Chen Jingdi, Wu Wei, Xian Chunxing, Wang Taoran, Hao Xiaotian, Chai Na, Liu Tao, Shang Lei, Wang Bo, Gao Jiakai, Bi Long
Department of Orthopedics, Xijing Hospital, Air Force Medical University, Xi'an, 710032, China.
Department of Orthopedics, 95829 Military Hospital in PLA, Wuhan, 430000, China.
Heliyon. 2024 Mar 26;10(7):e28502. doi: 10.1016/j.heliyon.2024.e28502. eCollection 2024 Apr 15.
To explore risk factors for defective non-union of bone and develop a nomogram-based prediction model for such an outcome.
This retrospective study analysed the case data of patients with defective bony non-unions who were treated at the authors' hospital between January 2010 and December 2020. Patients were divided into the union and non-union groups according to their Radiographic Union Score for Tibia scores 1 year after surgery. Univariate analysis was performed to assess factors related to demographic characteristics, laboratory investigations, surgery, and trauma in both groups. Subsequently, statistically significant factors were included in the multivariate logistic regression analysis to identify independent risk factors. A nomogram-based prediction model was established using statistically significant variables in the multivariate analysis. The accuracy and stability of the model were evaluated using receiver operating characteristic (ROC) and calibration curves. The clinical applicability of the nomogram model was evaluated using decision curve analysis.

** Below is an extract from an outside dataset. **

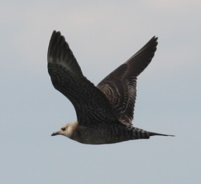 These photos show the most important marks for Long-tailed Jaeger – lack of cinnamon tones in the plumage, bold black-and-white barring on the undertail coverts, two white primary shafts, boldly marked underwing coverts, whitish tips to upperwing coverts, and especially the two long central tail feathers. The bill does look a little large for LTJA – remember that was one of the confusing features I mentioned in my earlier post – and just shows how important it is to note multiple features in juvenile jaeger ID!
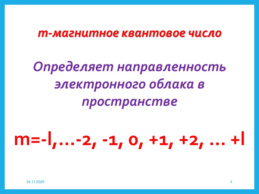 m-магнитное квантовое числоОпределяет направленность

In total, 204 patients (171 male, 33 female; mean [±SD] age, 39.75 ± 13.00 years) were included. The mean body mass index was 22.95 ± 3.64 kg/m. Among the included patients, 29 were smokers, 18 were alcohol drinkers, and 21 had a previous comorbid systemic disease (PCSD). Univariate analysis revealed that age, occupation, PCSD, smoking, drinking, interleukin-6, C-reactive protein (CRP), procalcitonin, alkaline phosphatase, glucose, and uric acid levels; blood calcium ion concentration; and bone defect size (BDS) were correlated with defective bone union (all P < 0.05). Multivariate logistic regression analysis revealed that PCSD, smoking, interleukin-6, CRP, and glucose levels; and BDS were associated with defective bone union (all P < 0.05), and the variables in the multivariate analysis were included in the nomogram-based prediction model. The value of the area under the ROC curve for the predictive model for bone defects was 0.95.
PCSD, smoking, interleukin-6, CRP, and glucose levels; and BDS were independent risk factors for defective bony non-union, and the incidence of such non-union was predicted using the nomogram. These findings are important for clinical interventions and decision-making.
探讨骨不连的危险因素,并建立基于列线图的骨不连结局预测模型。
本回顾性研究分析了2010年1月至2020年12月在作者所在医院接受治疗的骨不连患者的病例数据。根据术后1年的胫骨影像学愈合评分将患者分为愈合组和未愈合组。对两组患者的人口统计学特征、实验室检查、手术和创伤相关因素进行单因素分析。随后,将具有统计学意义的因素纳入多因素逻辑回归分析,以确定独立危险因素。使用多因素分析中具有统计学意义的变量建立基于列线图的预测模型。采用受试者工作特征(ROC)曲线和校准曲线评估模型的准确性和稳定性。使用决策曲线分析评估列线图模型的临床适用性。
共纳入204例患者(男性171例,女性33例;平均[±标准差]年龄为39.75±13.00岁)。平均体重指数为22.95±3.64kg/m²。纳入患者中,吸烟者29例,饮酒者18例,既往有合并全身性疾病(PCSD)者21例。单因素分析显示,年龄、职业、PCSD、吸烟、饮酒、白细胞介素-6、C反应蛋白(CRP)、降钙素原、碱性磷酸酶、血糖和尿酸水平;血钙离子浓度;以及骨缺损大小(BDS)与骨不连相关(均P<0.05)。多因素逻辑回归分析显示,PCSD、吸烟、白细胞介素-6、CRP和血糖水平;以及BDS与骨不连相关(均P<0.05),多因素分析中的变量被纳入基于列线图的预测模型。骨缺损预测模型的ROC曲线下面积值为0.95。
PCSD、吸烟、白细胞介素-6、CRP和血糖水平;以及BDS是骨不连的独立危险因素,并使用列线图预测了此类不连的发生率。这些发现对临床干预和决策具有重要意义。